» **EXERCISE BRIEF**:
Look through the entries below for the line with "1.每天都会推送大量与猫相关" and the line with "خصم علاوة الاعباء", then give again exactly those two lines and all lines between them, minus the pictures.

» **DATA EXTRACT**:
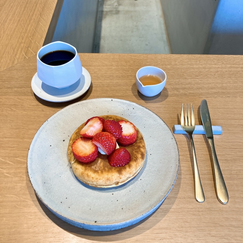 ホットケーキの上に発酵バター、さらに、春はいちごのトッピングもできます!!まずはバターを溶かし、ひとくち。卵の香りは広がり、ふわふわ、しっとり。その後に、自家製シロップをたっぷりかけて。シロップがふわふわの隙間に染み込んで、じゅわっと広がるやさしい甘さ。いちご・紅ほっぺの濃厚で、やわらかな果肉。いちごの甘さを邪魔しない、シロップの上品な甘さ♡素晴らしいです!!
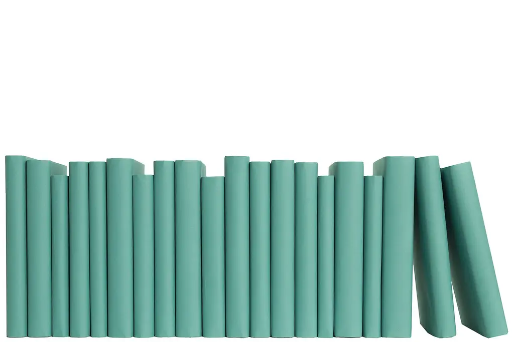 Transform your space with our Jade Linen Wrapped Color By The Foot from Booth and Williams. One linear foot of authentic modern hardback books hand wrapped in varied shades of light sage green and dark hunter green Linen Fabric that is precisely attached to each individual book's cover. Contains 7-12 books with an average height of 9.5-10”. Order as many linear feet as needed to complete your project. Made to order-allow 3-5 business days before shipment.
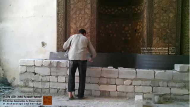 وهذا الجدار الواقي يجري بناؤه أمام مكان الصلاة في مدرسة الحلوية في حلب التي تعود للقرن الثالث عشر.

* * *

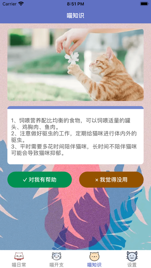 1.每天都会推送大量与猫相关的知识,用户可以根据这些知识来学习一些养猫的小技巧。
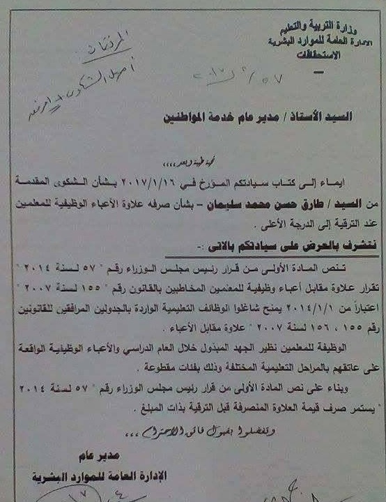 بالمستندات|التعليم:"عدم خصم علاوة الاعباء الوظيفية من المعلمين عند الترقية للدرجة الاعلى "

» **SOLVED PROBLEM**:
 1.每天都会推送大量与猫相关的知识,用户可以根据这些知识来学习一些养猫的小技巧。
 بالمستندات|التعليم:"عدم خصم علاوة الاعباء الوظيفية من المعلمين عند الترقية للدرجة الاعلى "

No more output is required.